General characteristics
- Class & type: Ship of the line
- Length: 43.7 m (143 ft)
- Beam: 11.9 m (39 ft)
- Draught: 5.7 m (19 ft)
- Sail plan: Full rigged
- Complement: 424
- Armament: 22 18 pound cannons; 22 12 pound cannons; 6 6 pound cannons;

= HDMS Grønland =

Danish-Norwegian ship of the line

HDMS Grønland (Greenland) was a ship of the line of the Dano-Norwegian Navy, built in 1756 and decommissioned in 1791. Grønland spent considerable time in the Mediterranean Sea, where she protected Danish merchant convoys. Grønland took part in the bombardment of Algiers in 1770 but otherwise did not see any action in battle. It is noted in the Danish Admiralty's papers that she was an unusually seaworthy ship.
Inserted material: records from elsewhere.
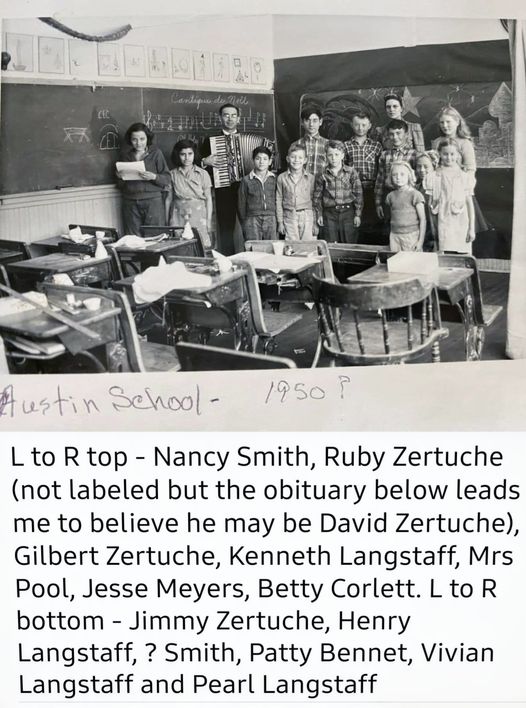 L-R top: Nancy Smith, Ruby Zertuche, ?David Zertuche?, Gilbert Zertuche, Kenneth Langstaff, Mrs. Pool, Jesse Meyers, Betty Corlett.
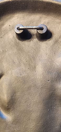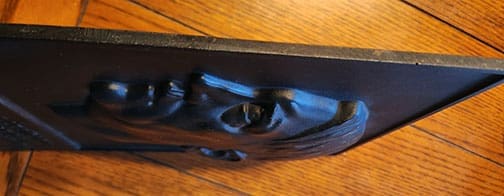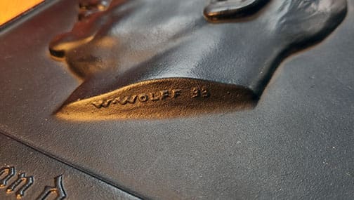 8-1/2 x 12-5/8 inch, very heavy steel AH plaque. Has nice original black paint with embossed profile of Adolf Hitler. Has maker or artist name with 1938 date on neck. The back is nicely marked with original hanging device. The plaque does have a slight bend to it. The force that accomplished that had to be impressive because it is 1/4 inch thick. With that said the plaque is ready to be displayed.
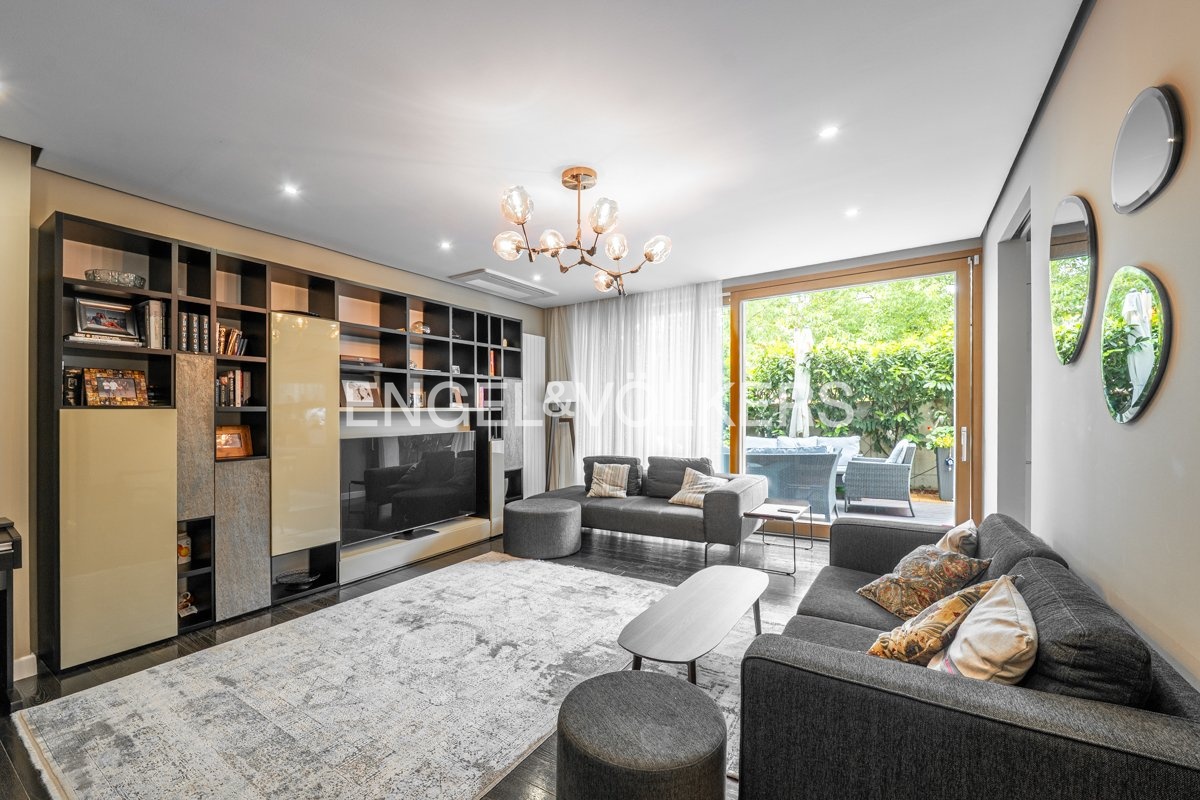 – prostorný obývací pokoj se vstupem na terasu a sezení, moderní plně vybavený kuchyňský kout a jídelna s výhledem do zahrady

== Convoys in the Mediterranean Sea ==

During the first years in service Grønland spent a significant part of her time in the Mediterranean Sea, where she escorted Danish merchant ships. Denmark-Norway was not part of the seven-years' war (1756–63), and the merchant fleet was thus threatened by both French and British privateers. Although Denmark-Norway was neutral, the French merchant brothers Couturier had persuaded the Danish King Frederik V to provide a navy ship as protection for Danish ships transporting goods from the Levant to Marseille for the brothers. This arrangement ended, however, when the British ship of the line under the command of Hugh Palliser managed to capture a Danish merchant ship Den flyvende Engel. Den flyvende Engel was part of a convoy that Grønland, under command of Henrik Lorenz Fisker, was escorting. Shrewsbury had 70 cannons against Grønlands 50, which likely contributed to Fisker's decision not to open fire. Because of the incident, Fisker was replaced by Simon Hoogland in Marseilles, and he was later brought for a court-martial when he returned to Denmark. However, he was cleared of all charges.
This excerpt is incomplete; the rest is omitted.